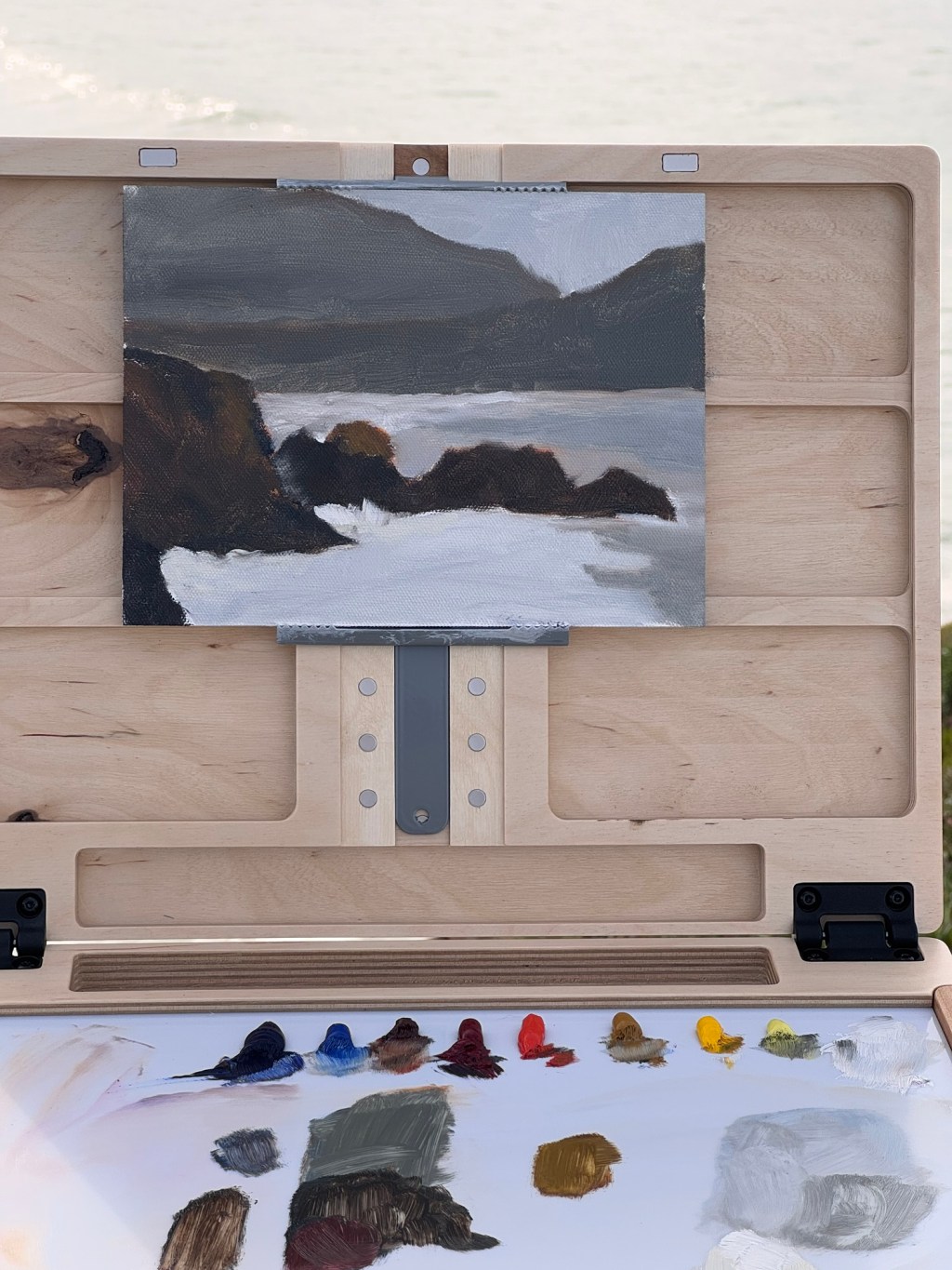 In the end, this was a really challenging painting because the fog was lifting while I was painting which really changed what I was looking at. Here are some progress shots and the painting I ended up with:
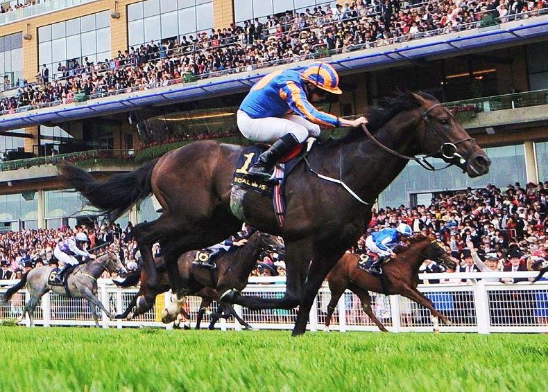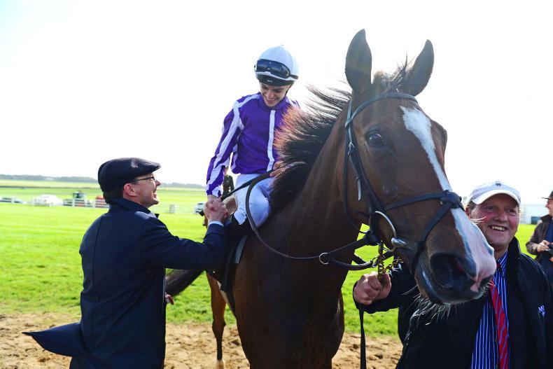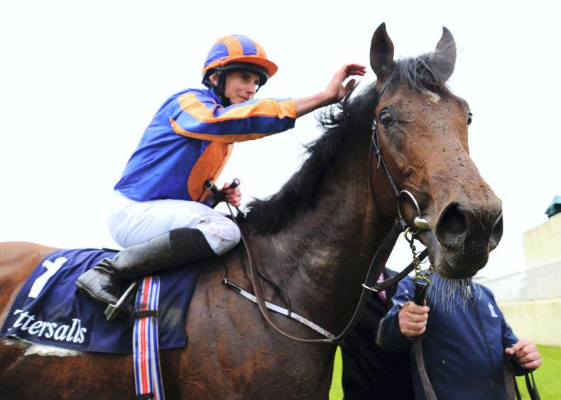 Dual Guineas winner Churchill and jockey Ryan Moore after their win at the Curragh. The colt had been an impressive winner at Newmarket on May 6th to begin the record season.
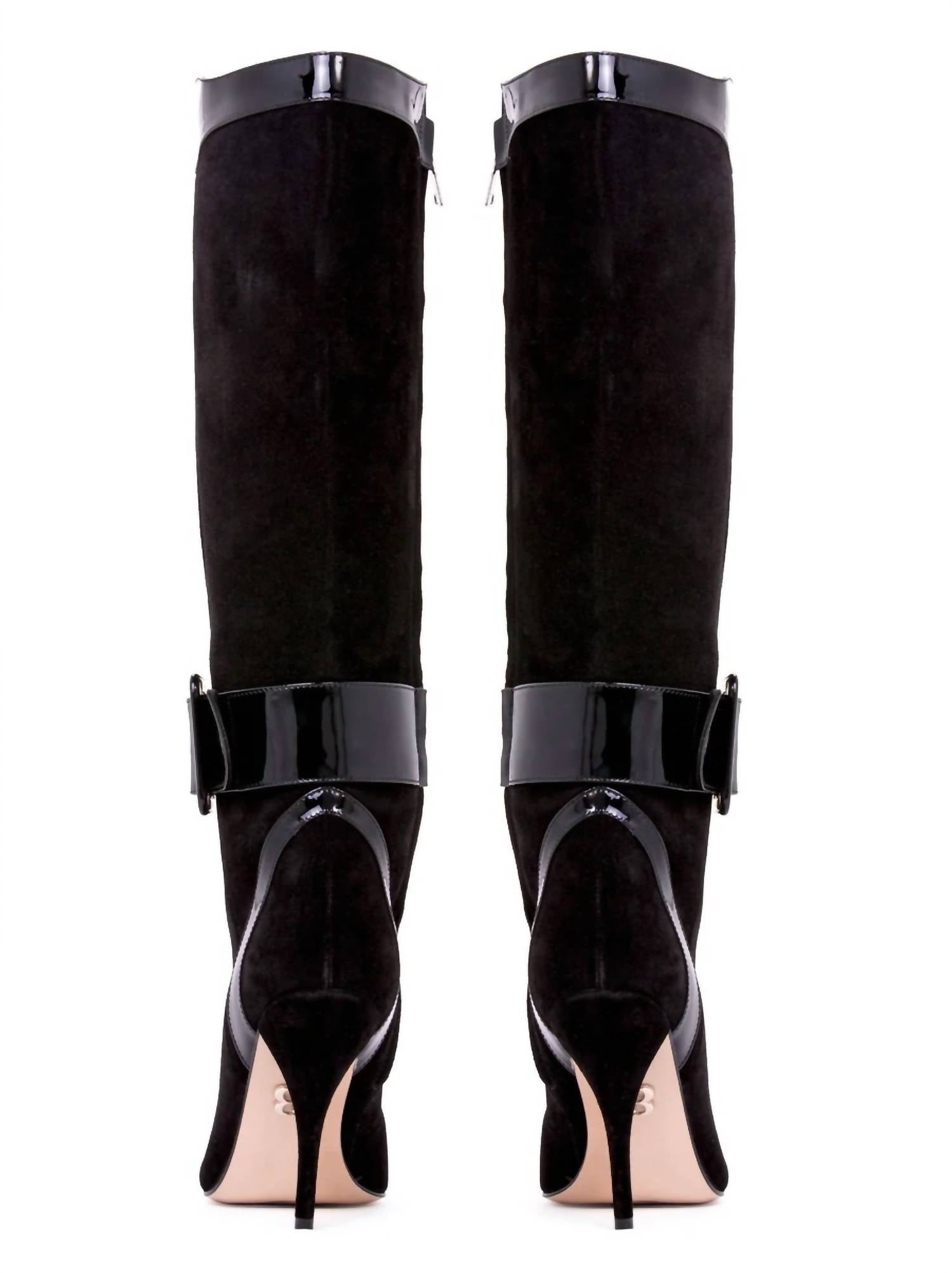 A stylish boot with a comfortable fit and the perfect amount of height. These classic boots are the perfect addition to any outfit and can be worn season after season. Elegant high shaft suede boot, with leather trims and an inside zipper. 98mm = 3.85" heel. 6mm = 0.23" cushioned insole lining. Slip resistant.
----------
REQUIREMENT.
Output only the lines that run from the line containing "Dual Guineas winner" to the last line of the data, exactly as they stand and without pictures.

RESPONSE TO THIS TASK.
 Dual Guineas winner Churchill and jockey Ryan Moore after their win at the Curragh. The colt had been an impressive winner at Newmarket on May 6th to begin the record season.
 A stylish boot with a comfortable fit and the perfect amount of height. These classic boots are the perfect addition to any outfit and can be worn season after season. Elegant high shaft suede boot, with leather trims and an inside zipper. 98mm = 3.85" heel. 6mm = 0.23" cushioned insole lining. Slip resistant.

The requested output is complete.